**Exercise**
Scan the records beneath this line for the line holding "Распределение суши Земли" and the line holding "y al aeropuerto.", then transcribe exactly those two and all lines between.

**Records for this task**
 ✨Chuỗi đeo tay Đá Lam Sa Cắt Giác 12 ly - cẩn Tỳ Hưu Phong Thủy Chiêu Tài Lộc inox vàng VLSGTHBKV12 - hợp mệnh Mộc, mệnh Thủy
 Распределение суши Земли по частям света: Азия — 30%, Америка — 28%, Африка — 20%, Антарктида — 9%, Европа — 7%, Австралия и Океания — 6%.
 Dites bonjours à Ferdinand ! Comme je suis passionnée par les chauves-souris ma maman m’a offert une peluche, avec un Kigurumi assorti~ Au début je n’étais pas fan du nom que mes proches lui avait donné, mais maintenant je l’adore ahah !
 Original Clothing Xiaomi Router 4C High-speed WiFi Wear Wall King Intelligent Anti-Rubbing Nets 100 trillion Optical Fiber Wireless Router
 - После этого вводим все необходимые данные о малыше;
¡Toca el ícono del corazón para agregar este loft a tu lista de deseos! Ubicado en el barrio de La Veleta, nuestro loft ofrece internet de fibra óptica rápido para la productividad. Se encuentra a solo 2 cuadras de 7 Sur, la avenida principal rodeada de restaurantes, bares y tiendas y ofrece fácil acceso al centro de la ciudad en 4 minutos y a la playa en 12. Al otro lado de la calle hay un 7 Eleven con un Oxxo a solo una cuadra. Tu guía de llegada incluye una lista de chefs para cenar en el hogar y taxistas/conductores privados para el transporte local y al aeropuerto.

* * *

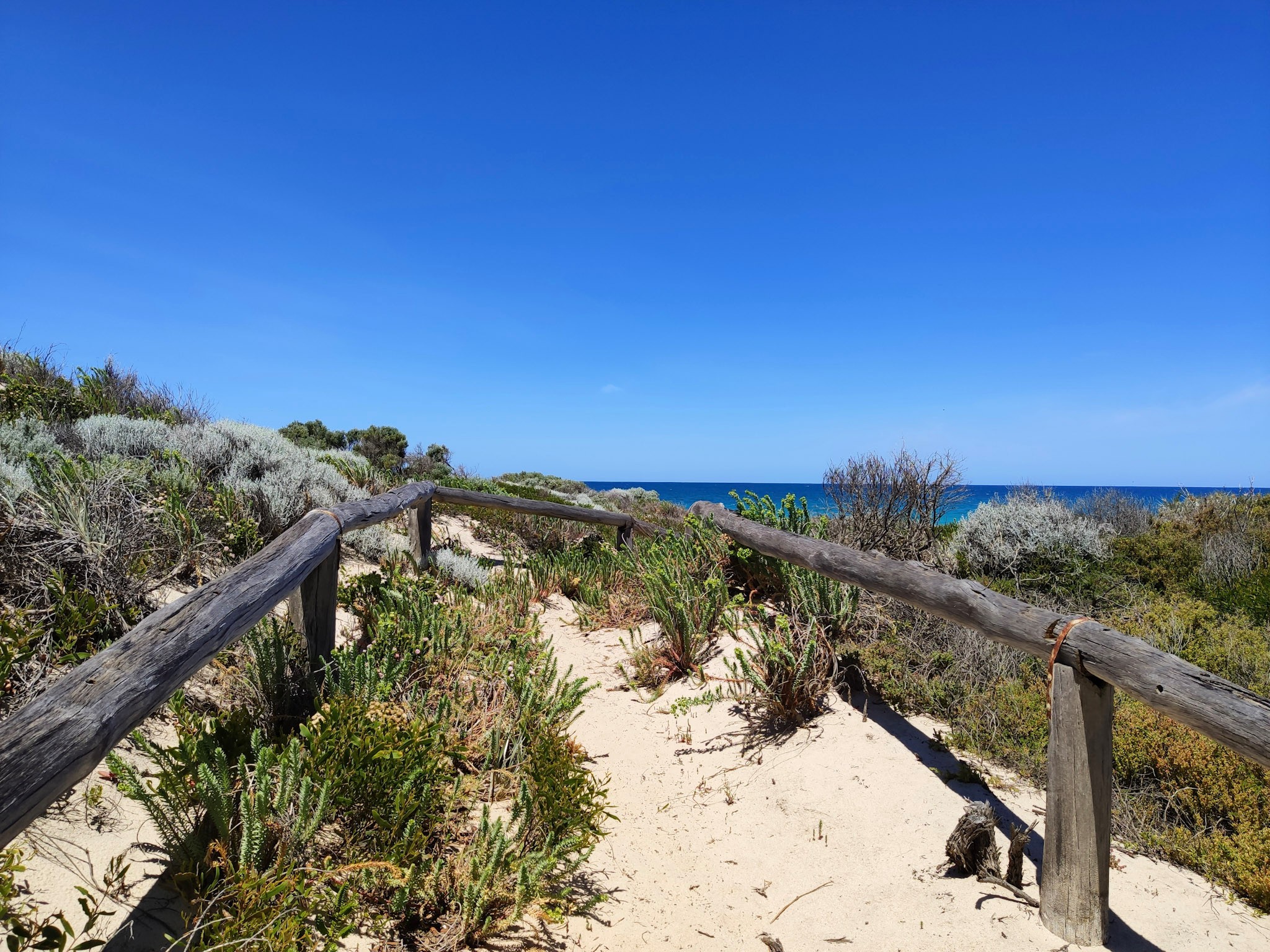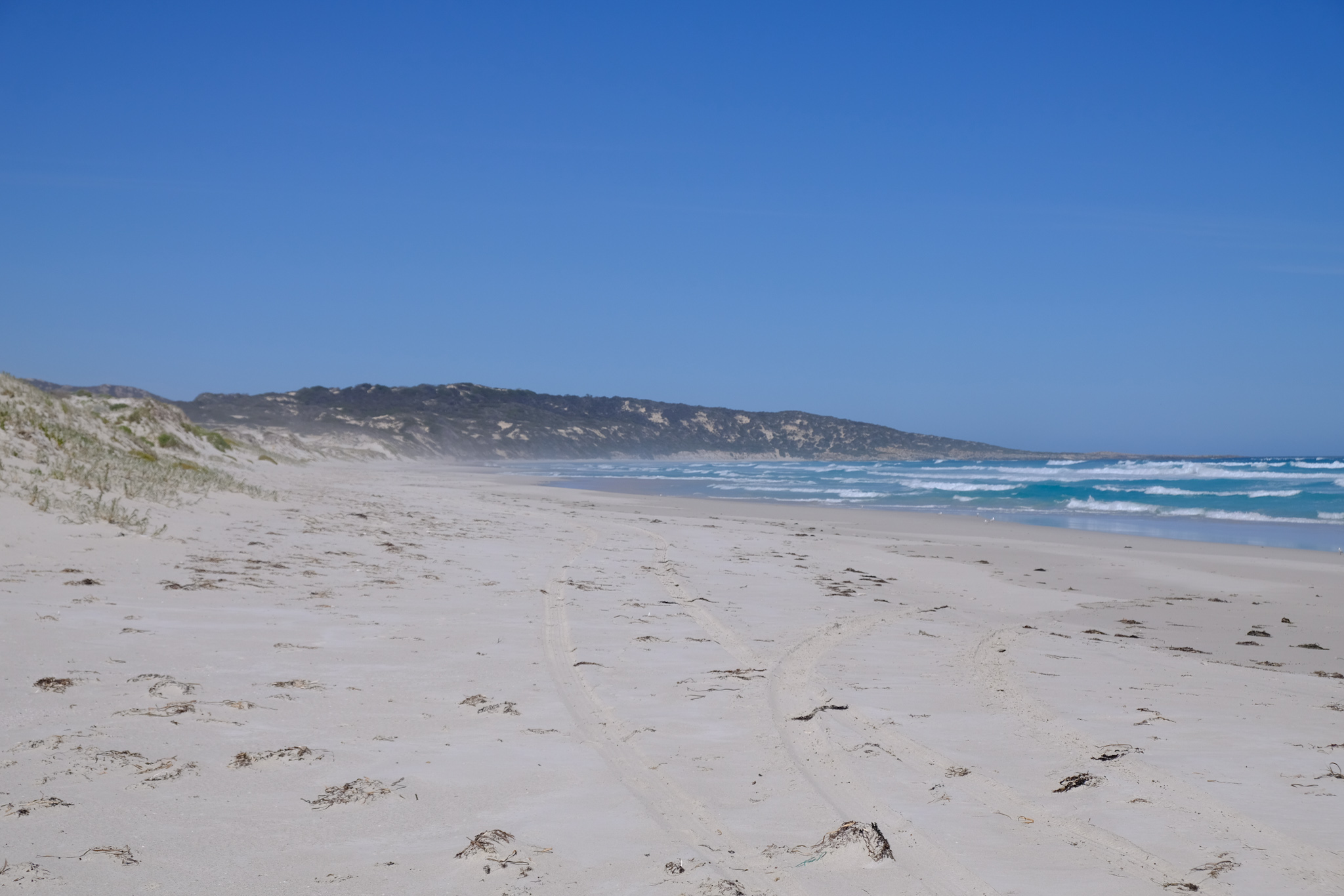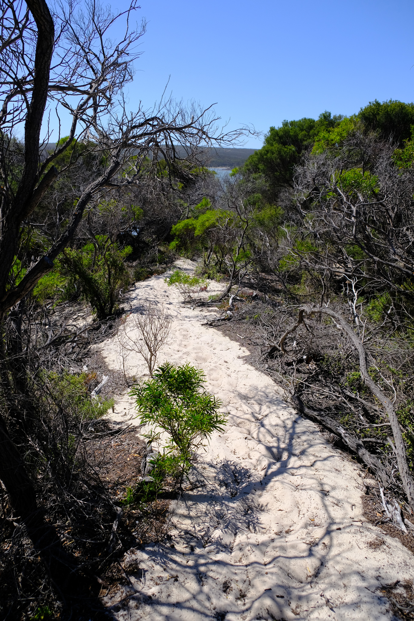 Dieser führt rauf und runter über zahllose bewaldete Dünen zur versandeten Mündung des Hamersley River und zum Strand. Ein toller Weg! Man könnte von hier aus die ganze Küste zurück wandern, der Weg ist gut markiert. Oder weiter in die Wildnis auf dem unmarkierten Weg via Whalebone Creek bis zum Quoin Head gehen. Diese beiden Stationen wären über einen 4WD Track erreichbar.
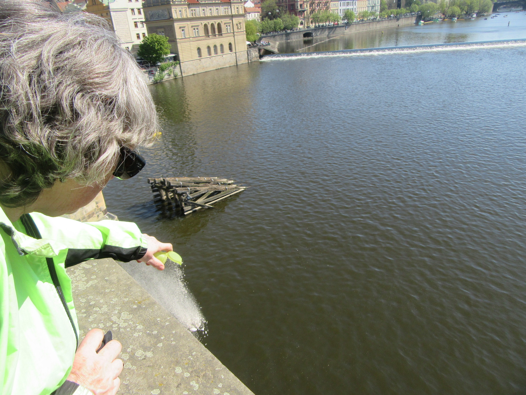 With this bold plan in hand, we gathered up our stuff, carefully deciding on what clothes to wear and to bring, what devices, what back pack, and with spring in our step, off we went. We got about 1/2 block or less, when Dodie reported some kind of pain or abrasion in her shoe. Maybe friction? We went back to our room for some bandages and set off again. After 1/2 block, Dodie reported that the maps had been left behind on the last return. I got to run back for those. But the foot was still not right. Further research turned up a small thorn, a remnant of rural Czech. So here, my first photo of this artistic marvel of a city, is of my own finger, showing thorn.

**Reply**
 Распределение суши Земли по частям света: Азия — 30%, Америка — 28%, Африка — 20%, Антарктида — 9%, Европа — 7%, Австралия и Океания — 6%.
 Dites bonjours à Ferdinand ! Comme je suis passionnée par les chauves-souris ma maman m’a offert une peluche, avec un Kigurumi assorti~ Au début je n’étais pas fan du nom que mes proches lui avait donné, mais maintenant je l’adore ahah !
 Original Clothing Xiaomi Router 4C High-speed WiFi Wear Wall King Intelligent Anti-Rubbing Nets 100 trillion Optical Fiber Wireless Router
 - После этого вводим все необходимые данные о малыше;
¡Toca el ícono del corazón para agregar este loft a tu lista de deseos! Ubicado en el barrio de La Veleta, nuestro loft ofrece internet de fibra óptica rápido para la productividad. Se encuentra a solo 2 cuadras de 7 Sur, la avenida principal rodeada de restaurantes, bares y tiendas y ofrece fácil acceso al centro de la ciudad en 4 minutos y a la playa en 12. Al otro lado de la calle hay un 7 Eleven con un Oxxo a solo una cuadra. Tu guía de llegada incluye una lista de chefs para cenar en el hogar y taxistas/conductores privados para el transporte local y al aeropuerto.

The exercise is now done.